Foreign ministers from the Western Hemisphere met June 4-6 in Santo Domingo, Dominican Republic, for the 36th General Assembly of the Organization of the American States (OAS).

Deputy Secretary of State Robert Zoellick represented the United States, Secretary of State Condoleezza Rice having been detained by business relating to Iran.

One commentator referred to the OAS as “an institution with 33 mice and one very large cat,” alluding to the traditionally dominant role of the U.S. But the cat, the writer said, has apparently lost interest, although formerly the OAS played a role in U.S. strategic maneuvers during the Cold War.

The focus this year was supposed to have been on “technological developments.” Issuing a pre-assembly statement, Thomas Shannon, the State Department’s top official for Latin American affairs, noted that, “This is an opportunity for the region to get back to work. … There’s a lot of rhetoric.
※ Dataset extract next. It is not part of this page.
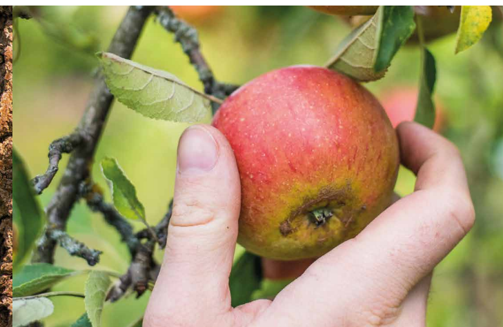
Echte Handarbeit ist bei der Ernte gefragt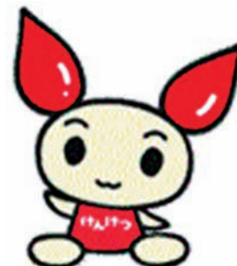
厚生労働省献血推進キャラクター 「けんけつちゃん」

200 mL 献血なら16歳から（献血の種類によって年齢基準が異なります）、健康な方ならば、献血による身体への影響はほとんどありません。しかし、体調を崩していたり、健康状態の良い時には献血をすると健康を損ねる場合もあります。

There has been too much ideology.” He, too, was a no-show at the meeting.

The assembly rebuffed several U.S. initiatives, including Guatemala as the U.S. choice over Venezuela for a seat on the UN Security Council, and a condemnation of alleged Venezuelan interventions in Peru’s recently concluded presidential runoff election.

Referring to elections scheduled for November in Nicaragua, Zoellick called for an OAS observer mission on the ground there “as soon as possible” to prevent the election of “old strongmen of corruption and communism who want to stay in power.” It turned out that eight OAS election technicians had arrived in Nicaragua on May 7 and that other members of a 33-person OAS election observer mission had been in Nicaragua for a week or so.

Addressing the assembly, Zoellick referred to the “the pied pipers of populism.” Meeting with representatives of Brazil, Argentina, and other nations, he lobbied for OAS condemnation of Venezuela. In a concluding address to the assembly, however, Brazilian Foreign Minister Celso Marín recalled for the delegates “the importance of non-intervention.”

This was the direction taken by a similar meeting convened a year ago in Fort Lauderdale, Fla. There, too, a spirit of independence prevailed amid declarations in favor of social justice and Latin American dignity.

Simultaneously, a first “People’s Alternative Summit” was unfolding in Santo Domingo. Some 200 activists representing at least 30 Latin American and Caribbean political organizations held forums and workshops on the campus of Santo Domingo Autonomous University, where they denounced capitalist globalization and lent support for alternative initiatives put forth by Venezuela and other nations.

The gathering concluded with a march to the OAS meeting to introduce a “people’s agenda.” Stopped several blocks short of their destination by heavily armed security forces and attack dogs, the marchers handed documents to an OAS representative.